Regarding the following problem:
Given $ X \sim U[-1, 1]$ find the PDF of $Y=\frac{1}{1+X}$
So:
$F_Y(t)=P(Y\leq t)=P(\frac{1}{1+X}\leq t)=P(X> \frac{1-t}{t}) = 1 - P(X\leq \frac{1-t}{t})$
Now I need to seprate the different cases for t - and this is the point I always fail to do. I tried to plot the function:
And to extract information from there, and the only ranges I could think of were $t<0$ and $t\geq 0$ which is probably incorrect.
Could someone please explain me how to approach such problems? Thanks
Observe that $1+X \in [0,2]$ so that $Y \in [1/2,+\infty)$ almost surely. This means that for $t \leq 1/2$ you have $F_Y(t) = 0$. The expression you wrote holds for $t>1/2$.
In general, your procedure is correct. You just have to take care of where your random variable takes values. If, for example, $Z \in [a,b]$ then you'll have $F_Z(x) = 0$ for $x < a$ and $F_Z(x) = 1$ for $x \geq b$.

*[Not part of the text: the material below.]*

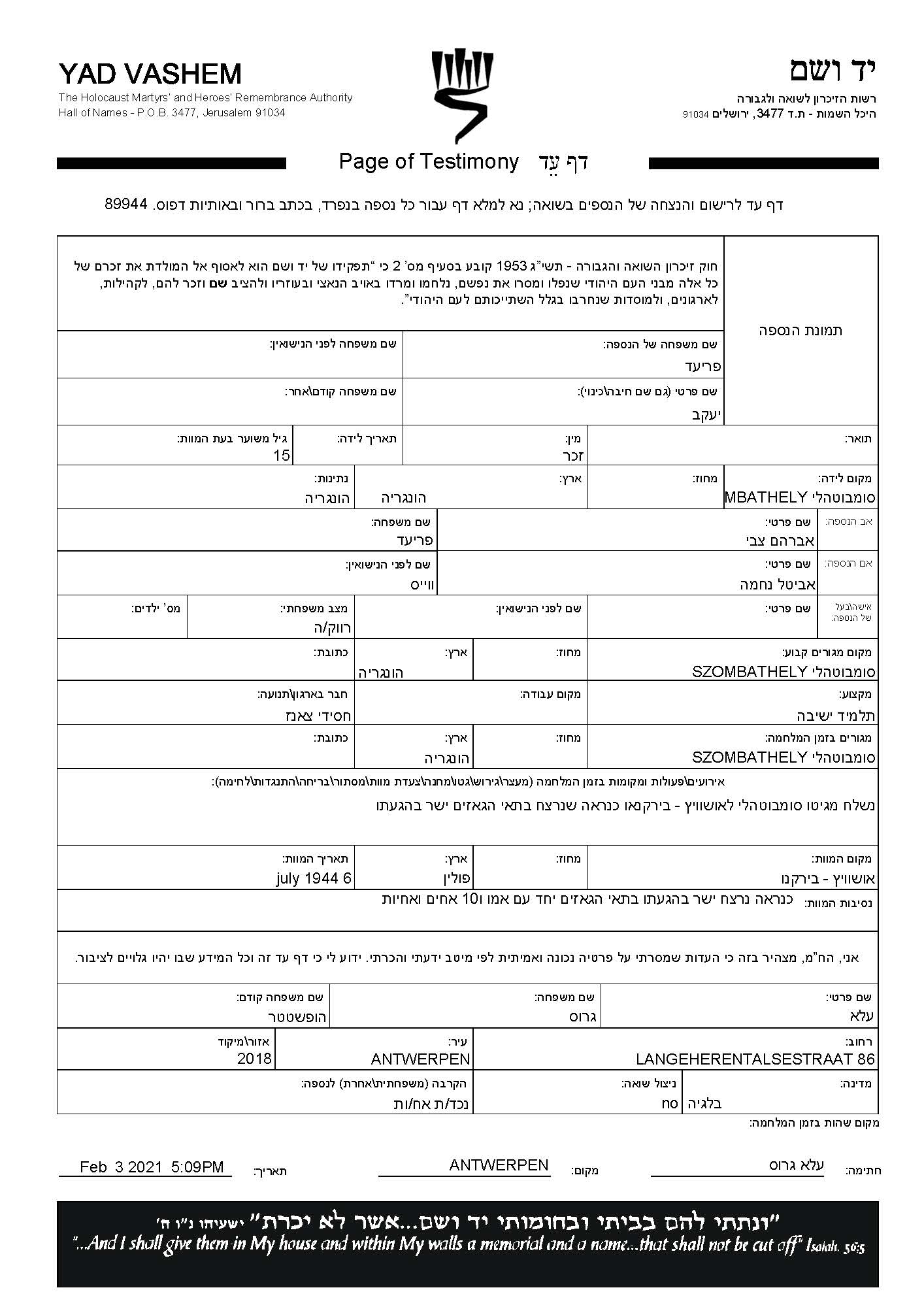 פריעד יעקב Szombathely, הונגריה דף-עד (מקוון)

Also, remind to take care of what happens when you divide. In this case, there's a point where you divide by $t$ but that would change the sign of the inequality. However, we are sure that $t \geq 1/2$ for the previous discussion, so there's no need to make this distinction now.
Side note: how did I calculate the support of $Y$? I calculated the image of $$f(x) = \frac{1}{1+x}, \quad x \in [-1,1]$$ Since $f$ is decreasing and continuous, it suffices to observe that $$f(1)=1/2$$ $$\lim_{x \to -1^+} f(x) = + \infty$$ to get the desired image.